第14話 モヤモヤ

 僕は兎に角必死に警察への言い訳を考える。

 時々涼海さんも、侍に襲われたことにすれば?とか葉隠忍者のクナイにやられたことにしようよとかアドヴァイスをくれるが、無論そんな話しは現代の警察には通じない。

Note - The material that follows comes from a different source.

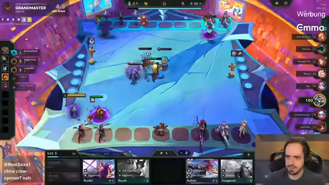 03:17:42Im späten Spielverlauf werden weitere Anpassungen vorgenommen. Es wird überlegt, ob Kalista 2 ohne Items besser ist als Smulder, obwohl der Road of Nafiri als problematisch angesehen wird. Die Entscheidung, Smulder zu verkaufen und Infinity Edge auf Gnar zu platzieren, wird als notwendig erachtet, da Gnar den meisten Schaden verursacht. Der Streamer drückt seine Trauer über den Verlust von Smulder aus. Es wird diskutiert, ob es sich lohnt, auf Level 9 zu rollen, um Juggernaut 4 zu erreichen, oder ob es besser ist, auf Level 10 zu gehen. Die Positionierung von Champions wie Gnar wird als schwierig empfunden, da die Sprunglogik der Range-Units unklar ist. Es wird festgestellt, dass Gnar und Nafiri nicht dieselben Ziele angreifen, was den Schaden verringert. Die Möglichkeit, Crystal Gambit in Stage 4 zu spielen, wird erörtert, wobei die Entscheidung davon abhängt, ob eine Win-Streak aufrechterhalten werden kann. Die Bedeutung von Evenshot und Skypiercer für Jinx wird ebenfalls erwähnt. Es wird entschieden, auf Level 9 in 5.2 zu gehen, wobei die Support-Units als ausreichend angesehen werden.
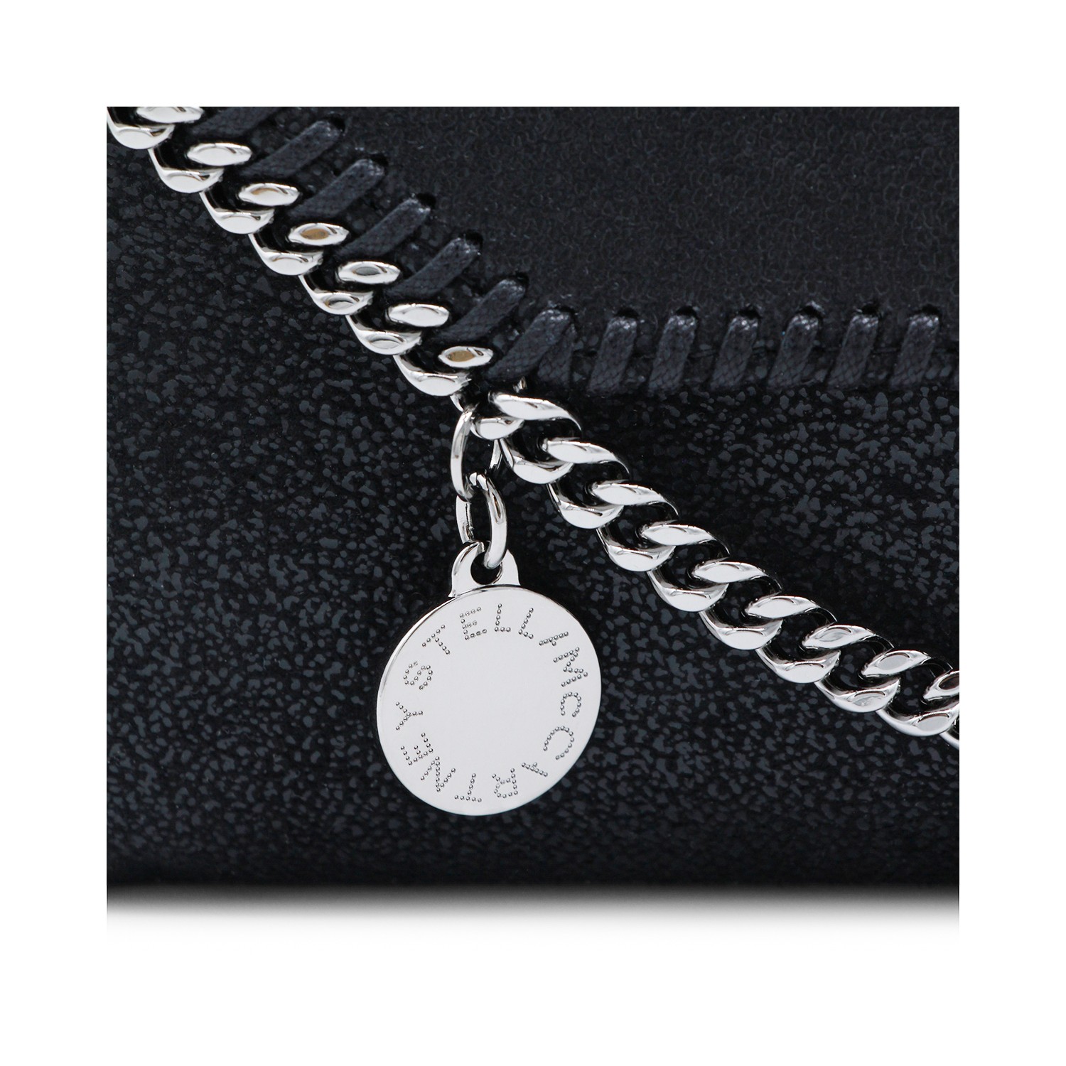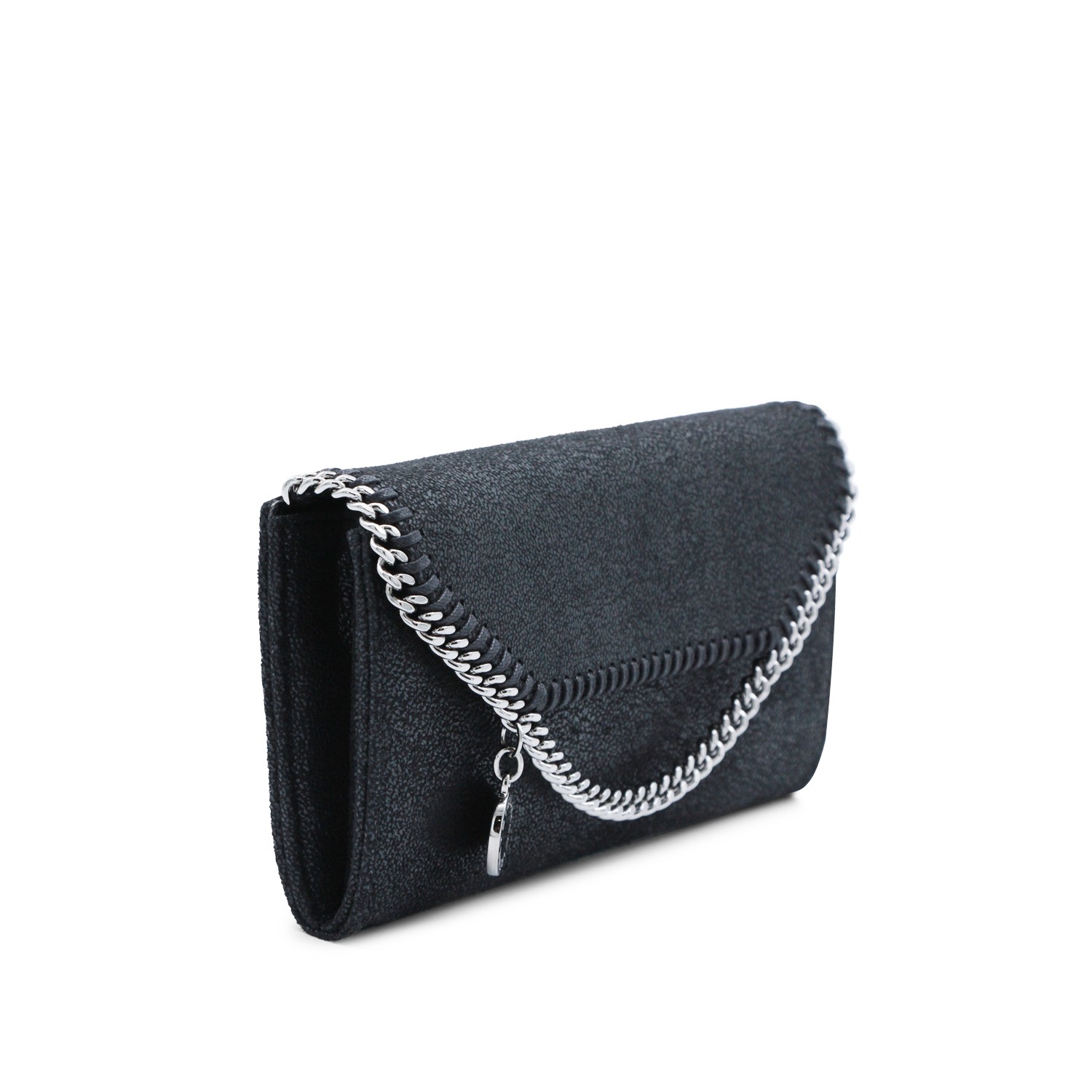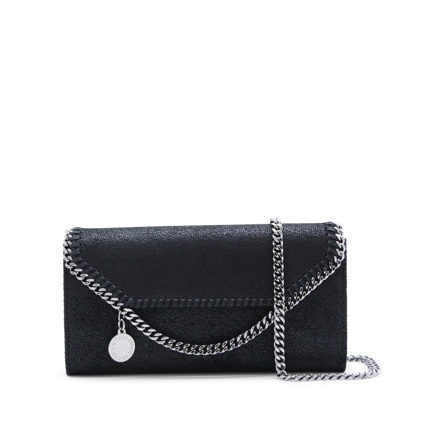 Black faux leather Continental wallet crossbody bag from Stella McCartney featuring sivler tone metal finishes, snap button closure, logo details, detachable chain shoulder strap, main compartment and lining.

 考え疲れたので、僕は再び頭を枕の上に乗せて横になった。

 鈴海さんも話し合いが完全に止まってしまい疲れたのか、いつものように僕の横に添い寝した。僕は身体をベッドの端へとずらして涼海さんのスペースを作る。涼海さんはできたスペースへ身体を捩じ込んだ。しばらくすると涼海さんの寝息が聞こえてきた。驚くべきことに鈴海さんは幽霊だがきちんと睡眠をとるのだ。人間の時からの習慣だからと言うが、本当に寝られるのがすごい。ただ、僕は幽霊に睡眠が役に立つのかは微妙なところだと思っている。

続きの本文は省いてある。